High blood pressure is a major preventable and treatable risk factor for heart disease and stroke syndromes both in the developed and the developing world.

In an innovative partnership between a UK government agency - the National Institute for Health and Clinical Excellence (NICE) - and a professional organisation - the British Hypertension Society (BHS), NICE guidelines for managing hypertension in primary care were first issued in 2006. Key elements to those guidelines included a stepped care approach starting with different first line options for younger vs. older patients with a 55 year age boundary, and for patients of black African or Carribean origin compared to other ethnic groups. The 2006 guidelines also highlighted risks of new onset diabetes mellitus from beta-blocker treatment.

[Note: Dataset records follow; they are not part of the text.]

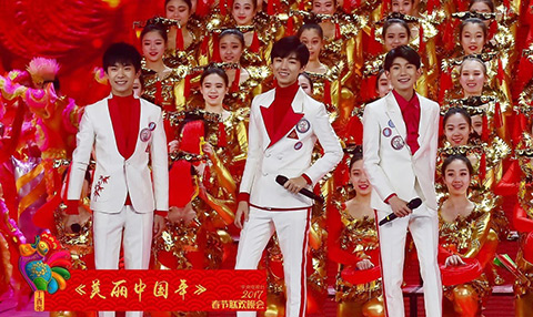 除夕之夜,以“大美中國(guó)夢(mèng) 金雞報(bào)春來”為主題的雞年春晚如約而至。以“歡樂頌五美”與TFBOYS共同奉獻(xiàn)的《美麗中國(guó)年》開場(chǎng),以李谷一、關(guān)牧村、高音、劉雨欣等新老藝人演唱《難忘今宵》結(jié)尾,全程42個(gè)節(jié)目亮相春晚舞臺(tái),為除夕年夜飯捧上一道文化大餐,也為農(nóng)歷雞年開了一個(gè)好頭。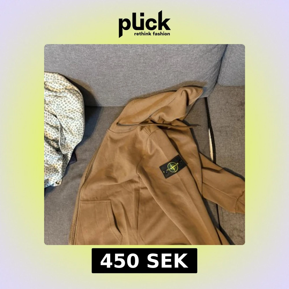 Säljer en snygg beige hoodie från Stone Island med klassisk logga på ärmen. Tröjan har huva med dragsko och känguruficka framtill. Tillverkad i mjuk bomull, perfekt för chill dagar. Stilsäker och enkel att matcha med jeans eller joggers.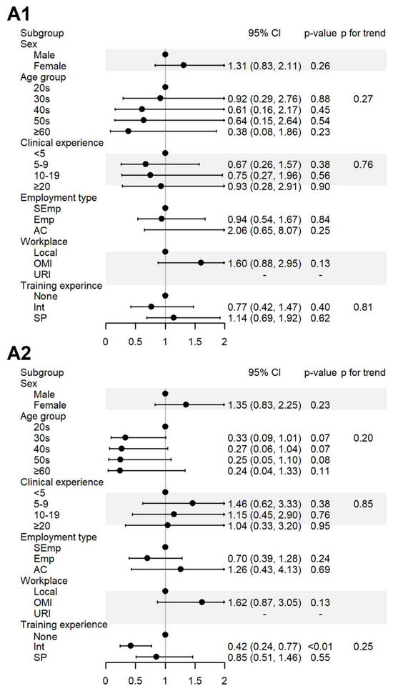 Sociodemographic factors affecting respondents’ attitudes to spontaneous reporting. A1: I agree that KMDs should actively participate in SR; A2: I believe that the role of KMDs is important in SRS. AC, academia group engaged in medical education and/or research; CI, 95% confidence interval; Emp, employed KMD; Int, internship; KMD, traditional Korean medicine doctor; Local, local traditional Korean medicine clinic; OMI, other medical institution; OR, odds ratio; p, p-value; PFT, p for trend; SEmp, self-employed KMD; SP, specialist who had completed an internship and residency; URI, university or research institute.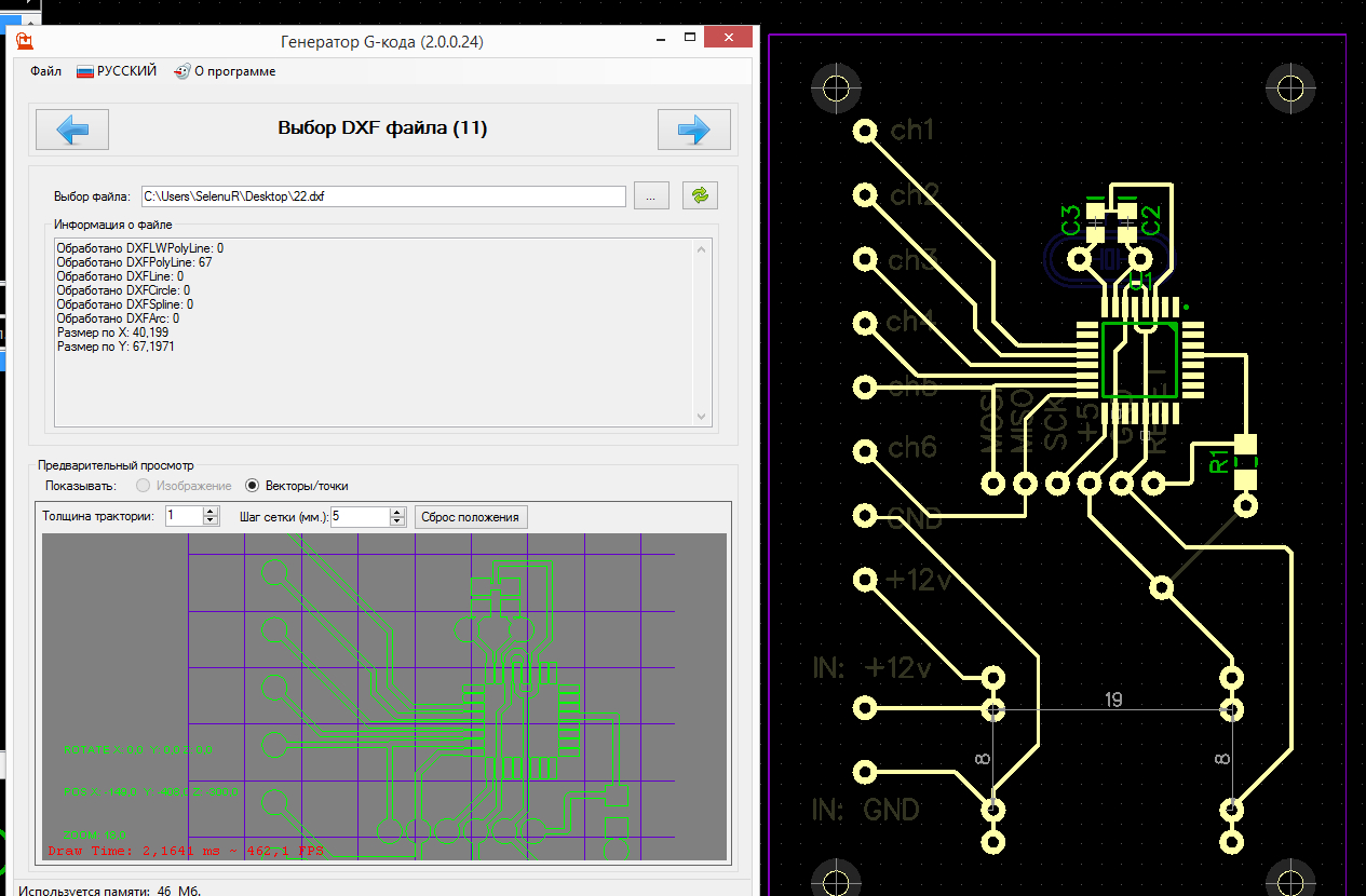 В данную программу я планировал добавлять поддержку формата, Gerber, но случайно обнаружил что программа в которой выполняю разработку радио-устройств "DIPTRACE", умеет формировать DXF файлы с учетом размера гравера, и прочего....
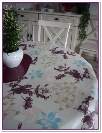 J'en profite pour vous montrer ma nouvelle nappe. Elle est en coton enduit. Cette matière est bien pratique pour le nettoyage car à présent, nous prenons nos repas à la salle-à-manger. Ainsi, nous en profitons...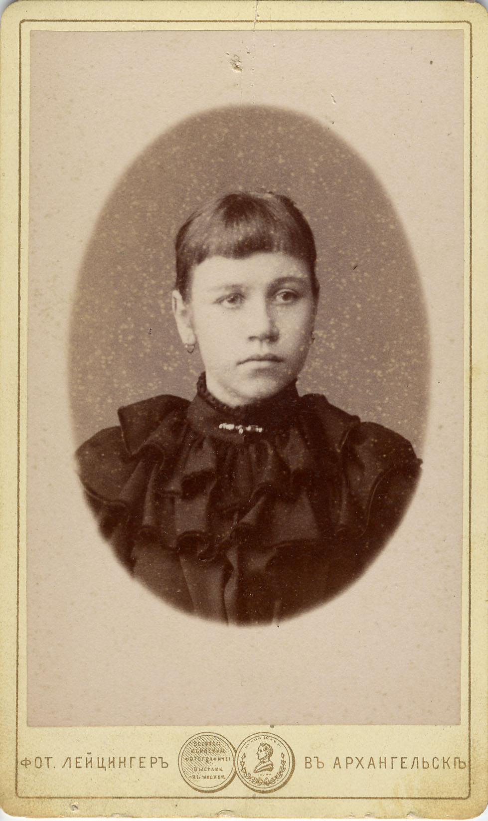 Фотограф Я. Лейцингер, Архангельск. Портрет девочки. На оборотной стороне надпись: “7 декабря 1893 года. Горячо любящим родителям на память от Мани”.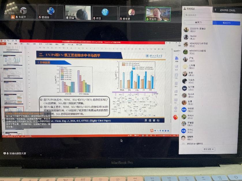交流活动共进行了一个半小时,邓教授围绕非均相过硫酸盐高级氧化体系中新型催化剂的结构设计和活化机制进行了精彩分享,并深入介绍了体系中高活性氧化物种与目标污染物去除效果之间的构效关系以及如何结合DFT计算等挖掘自由基的作用机制。整个分享过程深入浅出,对员工有重要的启发和指导意义。参会师生与邓老师就高级氧化技术的发展前景以及创新性研究如何开展等话题展开了进一步讨论。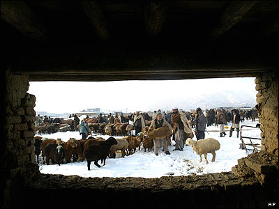 مردان افغان در حال خريدن گوسفند در آستانه عيد قربان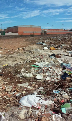 municipio de La Oliva y sus pueblos. Este río de basura junto a un colegio o la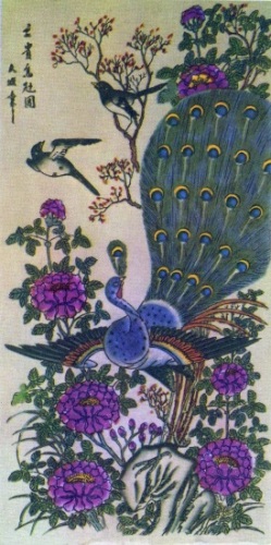 Павлин. Лубок из мастерской на улице Барабанов (Ханой). Вьетнам.
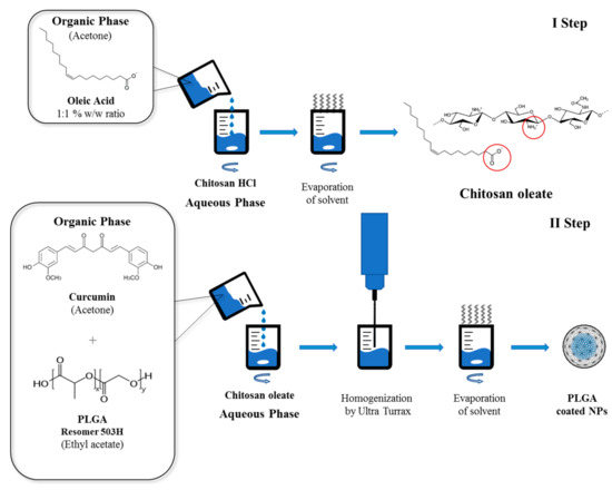 Curcumin loaded NPs were obtained with the same solvent evaporation procedure (Figure 12) described above for Nile red loaded NPs. 1.2 mg of curcumin dissolved in 500 µL of acetone were added together with 2.5 mL of 4.8 mg/mL ethyl acetate PLGA solution to 10 mL of chitosan oleate aqueous dispersion prepared as previously described, to obtain a final concentration of 120 µg/mL. In this case, to stabilize the nanoemulsion, the CS-OA dispersion obtained as previously described from 0.2% w/v chitosan and 1:1 chitosan and oleic acid ratio was used. For comparison purposes, NPs stabilized with 2% w/v PVA solution according to the literature [37] were prepared. In both cases, ULTRA-TURRAX homogenization was performed at 20,500 rpm.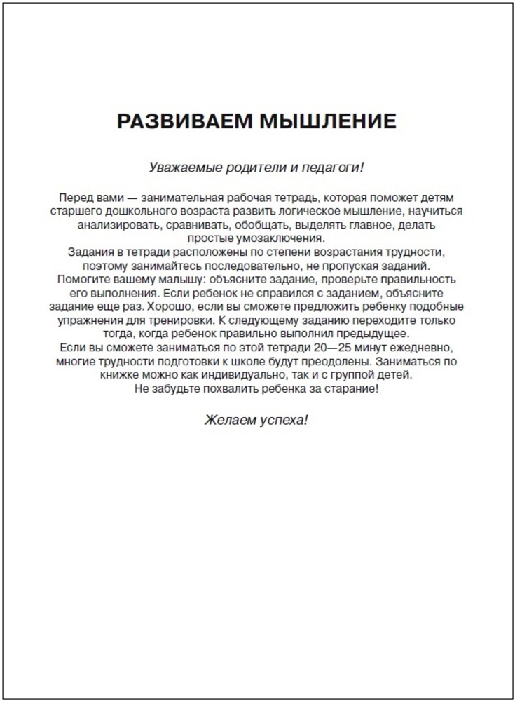 Развиваем мышление: Рабочая тетрадь для детей 6-7 летВ данный момент этот товар отсутствует в продаже. Возможно, у нас найдется аналогичный или похожий товар здесь. Серия: Скоро в школу Перед вами - занимательная рабочая тетрадь, которая поможет детям старшего дошкольного возраста развить логическое мышление, научиться анализировать, сравнивать, обобщать, выделять главное, делать простые умозаключения. |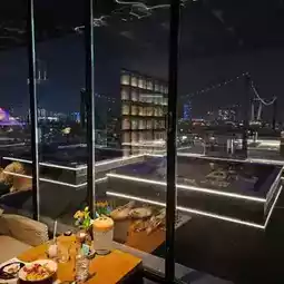 Great restaurant that situated on the 6th floor of the building with an amazing view over the river and city lights. The food is amazing! We had the mushroom risotto, foie gras and grilled meat platter. We also tried different cocktails and although it's small the presentation is great and they taste great. The ambience of the place is beautiful, you can sit outside as well in Summer time or go upstairs to enjoy drinks in the Lounge after dinner.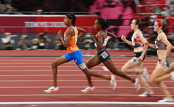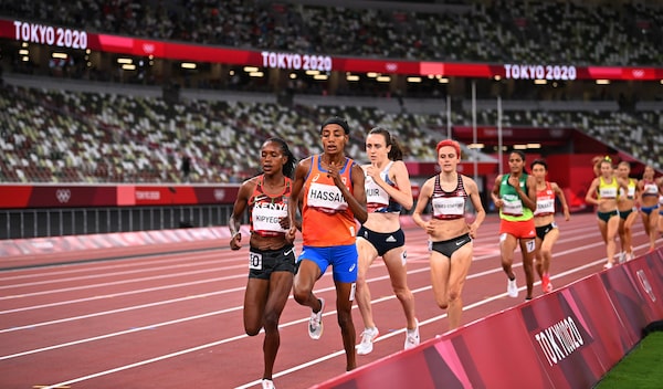 Sifan Hassan of the Netherlands, Faith Kipyegon of Kenya, Laura Muir of Britain and Gabriela Debues-Stafford of Canada in the women's 1500m race at the Tokyo Olympics.DYLAN MARTINEZ/Reuters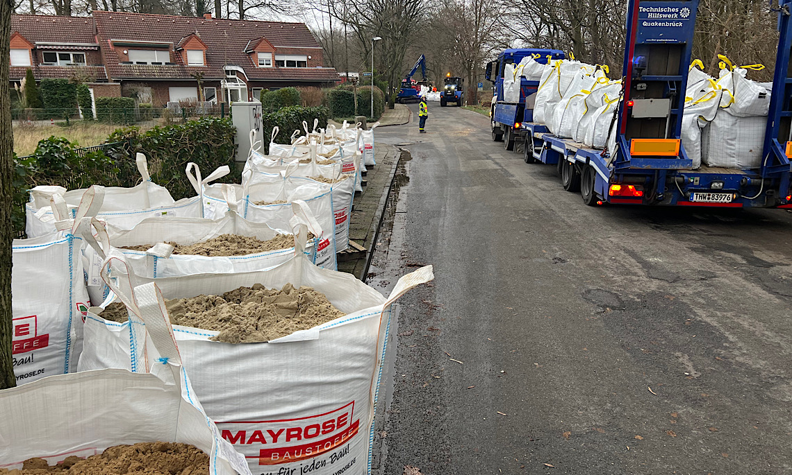 Die Einsatzkräfte sind mit einem massiven Aufgebot im Einsatz und kommen gut voran. Auch mehrere Firmen (Mayrose, Robben Bauunternehmen) beteiligen sich an der Aktion u.a. mit Fahrzeugen zum Transport von Sandsäcken und sogenannten BigPacks mit denen ein Deich errichtet werden soll.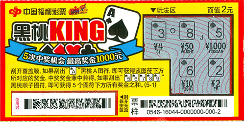 扑克是流行全世界的一种可娱乐的纸质工具,其玩法多种多样,更被广大民众所熟知。刮刮乐“黑桃king”正是这样一款借鉴扑克牌的花色之王“黑桃”为主题的即开型彩票,其画面与玩法相结合,带给彩民一种简单而有趣的中奖感受。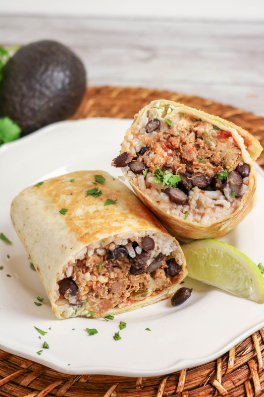 - 2 cups cooked white or cilantro-lime rice Adds bulk to the burritos so they’re more satisfying without needing extra meat.

On 24th August, five years on, NICE, again supported by experts from the BHS, has released updated hypertension guidelines which include several key developments of interest to prescribers and patients. These include adding blood pressure measurements away from the clinical setting to confirm the diagnosis for patients with mild to moderate increases in clinic blood pressure readings. With even higher office readings, advice remains to treat based on those office readings. There is detailed advice both on blood pressure measurement using ambulatory devices as well as more systematic involvement of patients in their own management, supported by home blood pressure readings. It is of course important that any blood pressure monitoring device, whether for clinical or home use, should be validated. A helpful list of validated devices is is listed on the British Hypertension Society's website.

As an update on treatment options, the new 2011 guidelines now suggest systematic use of calcium channel blockers as first line treatment in older patients, with now specific, named diuretics as alternative options for specified indications. The 2011 guidelines for the first time also highlight the clinical and cost effectiveness of evidence-based treatment of hypertension in older patients, and in particular the over 80s.